With the pictures omitted, repeat exactly the lines below starting with the line that has "Not at all." and going on through the line that has "Antalya'nın Manavgat ilçesinde".

DATA SUPPLIED:
┌──

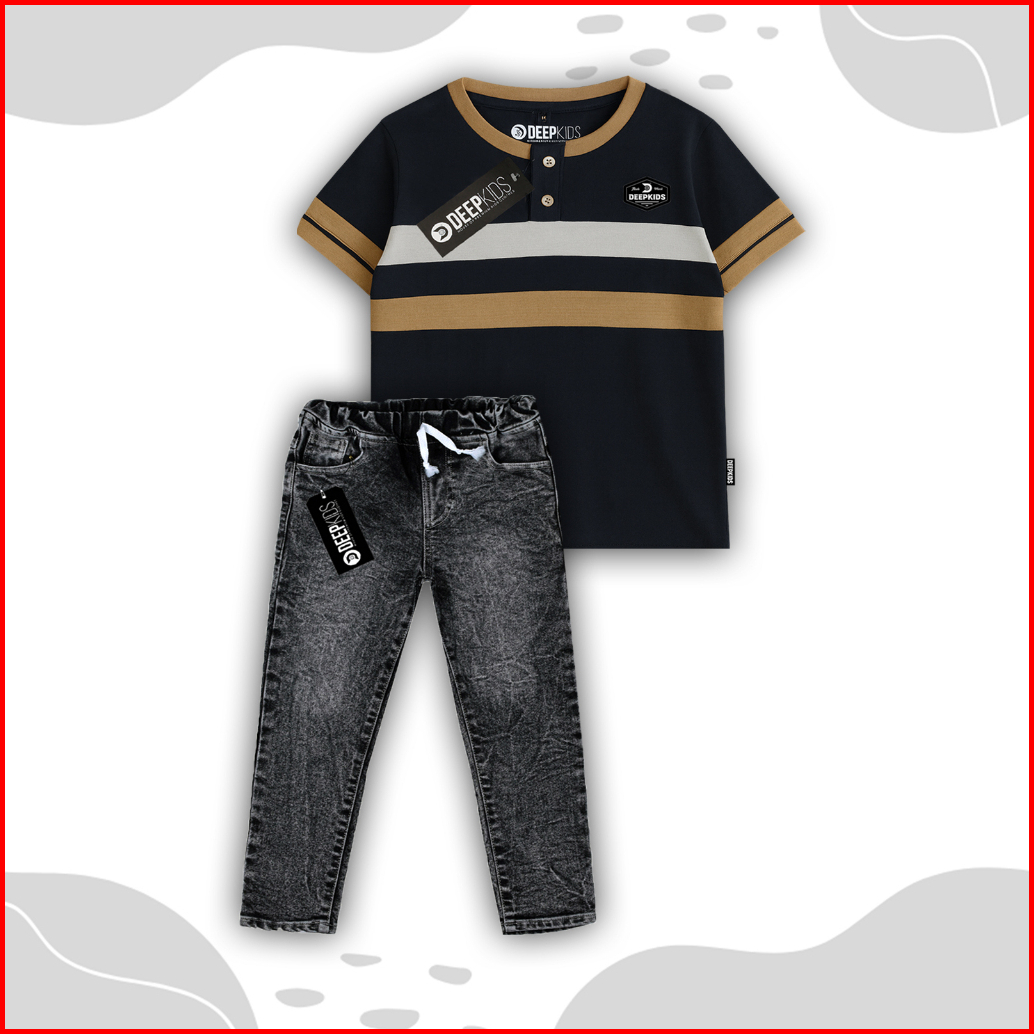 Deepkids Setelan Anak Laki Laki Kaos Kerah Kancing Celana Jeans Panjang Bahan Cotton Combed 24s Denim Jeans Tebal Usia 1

└──
┌──

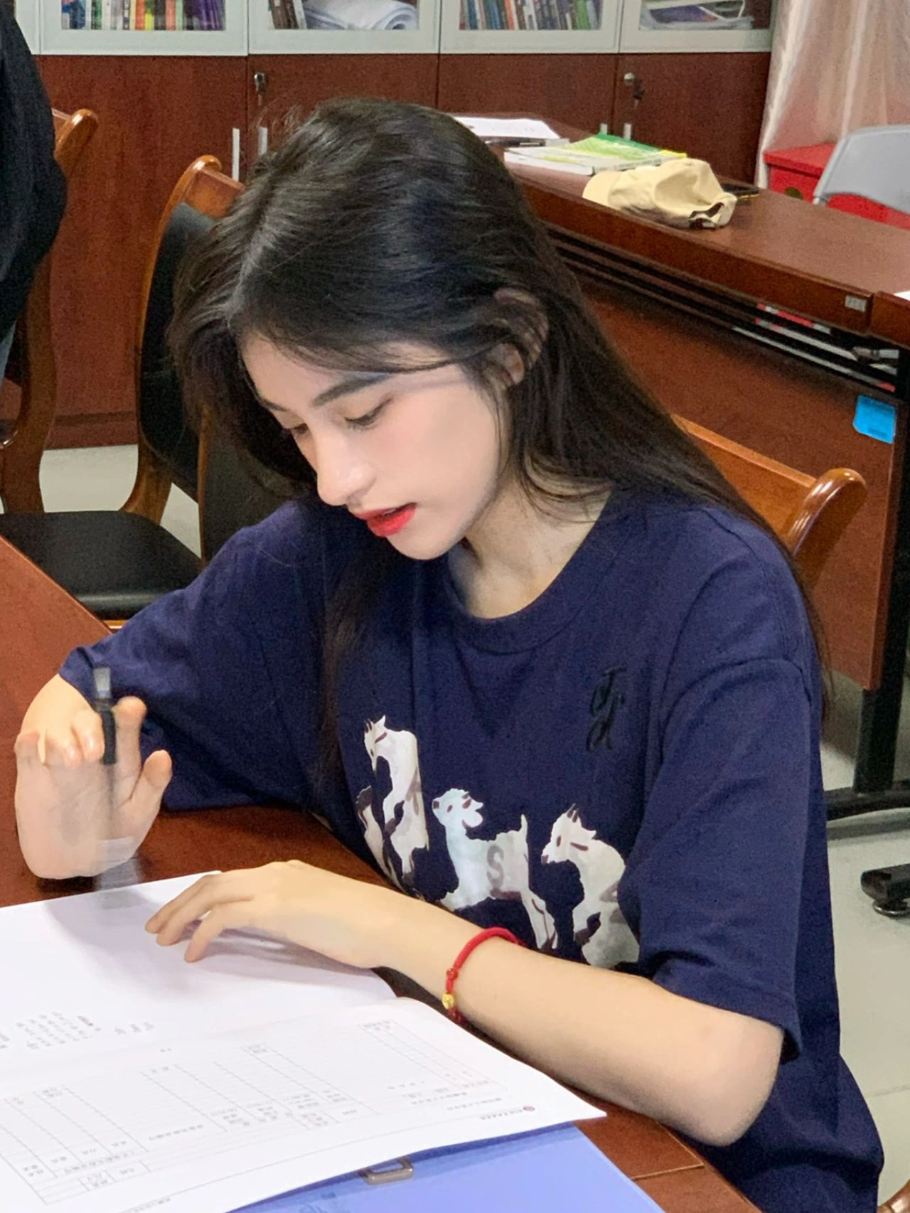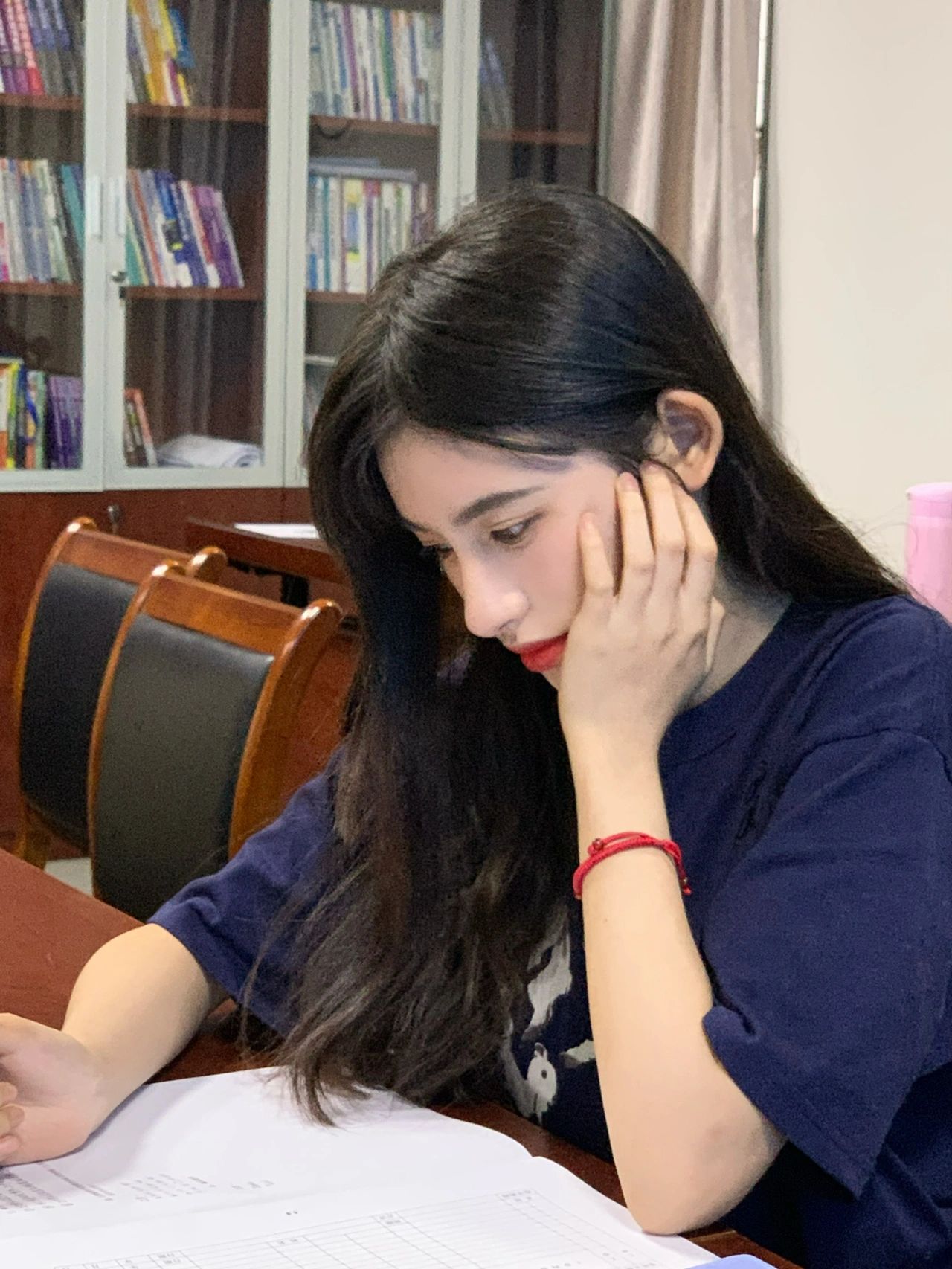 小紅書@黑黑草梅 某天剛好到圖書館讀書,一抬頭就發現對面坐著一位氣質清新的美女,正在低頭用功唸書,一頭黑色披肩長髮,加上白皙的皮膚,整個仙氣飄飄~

└──
┌──

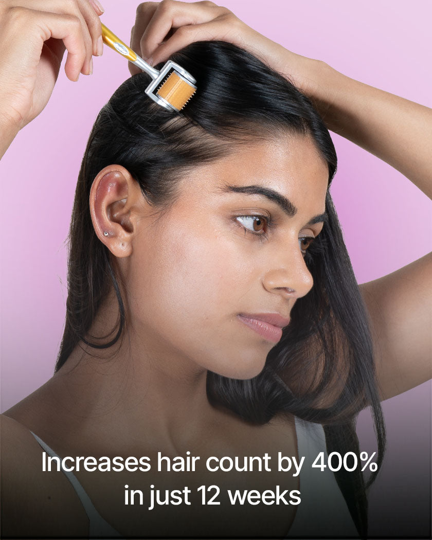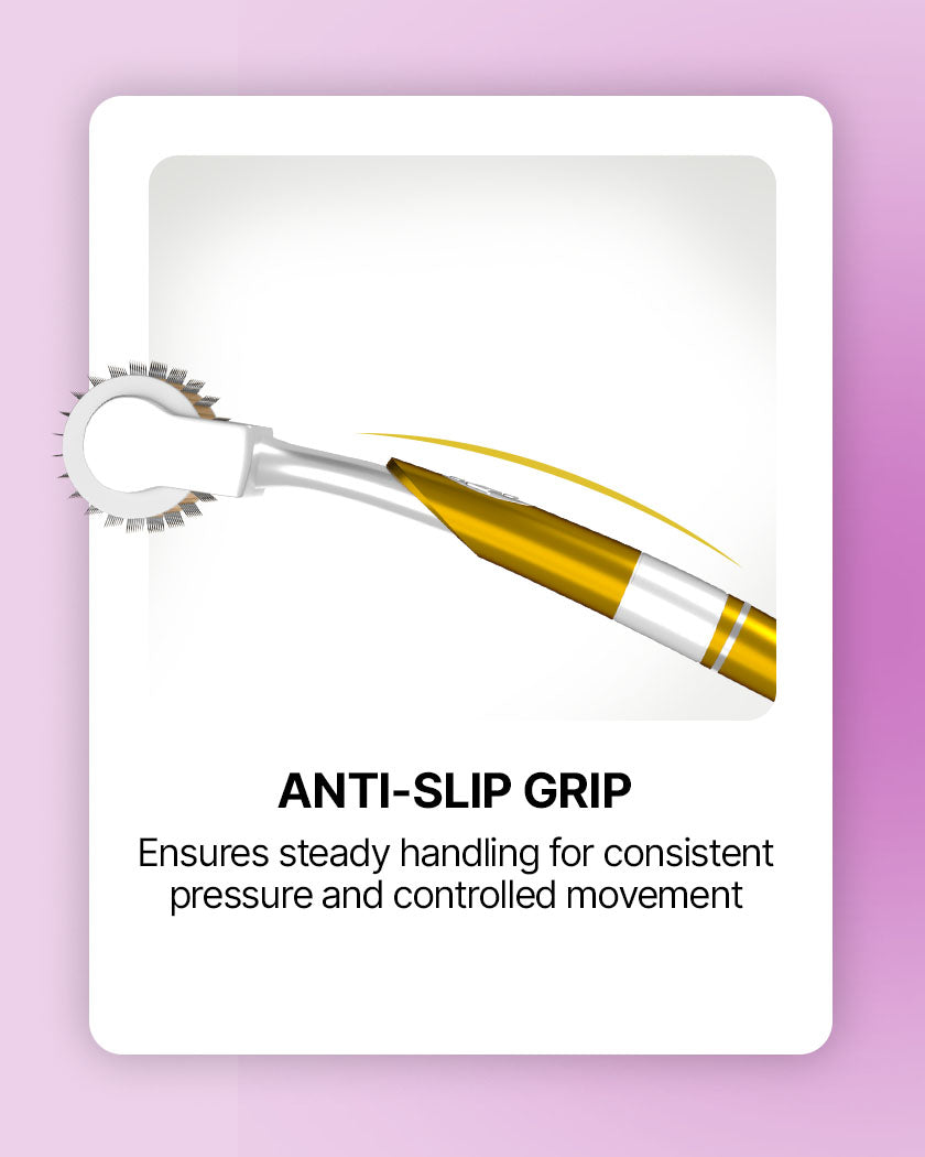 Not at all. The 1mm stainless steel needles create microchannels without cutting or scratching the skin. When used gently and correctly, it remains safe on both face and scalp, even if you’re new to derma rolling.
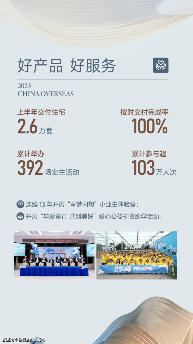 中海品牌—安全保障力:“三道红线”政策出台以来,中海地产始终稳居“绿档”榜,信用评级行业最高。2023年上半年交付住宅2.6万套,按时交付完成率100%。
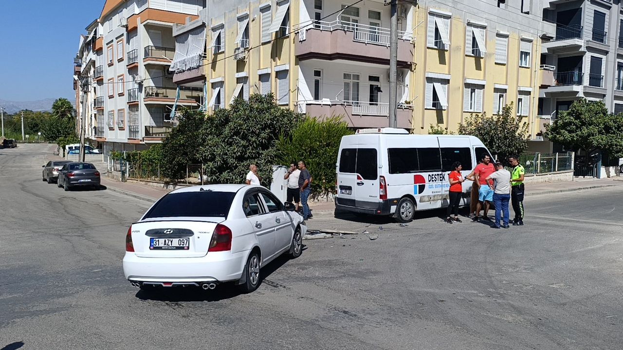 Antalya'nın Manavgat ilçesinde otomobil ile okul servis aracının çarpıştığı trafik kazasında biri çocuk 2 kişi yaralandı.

└──

EXERCISE RESULT:
 Not at all. The 1mm stainless steel needles create microchannels without cutting or scratching the skin. When used gently and correctly, it remains safe on both face and scalp, even if you’re new to derma rolling.
 中海品牌—安全保障力:“三道红线”政策出台以来,中海地产始终稳居“绿档”榜,信用评级行业最高。2023年上半年交付住宅2.6万套,按时交付完成率100%。
 Antalya'nın Manavgat ilçesinde otomobil ile okul servis aracının çarpıştığı trafik kazasında biri çocuk 2 kişi yaralandı.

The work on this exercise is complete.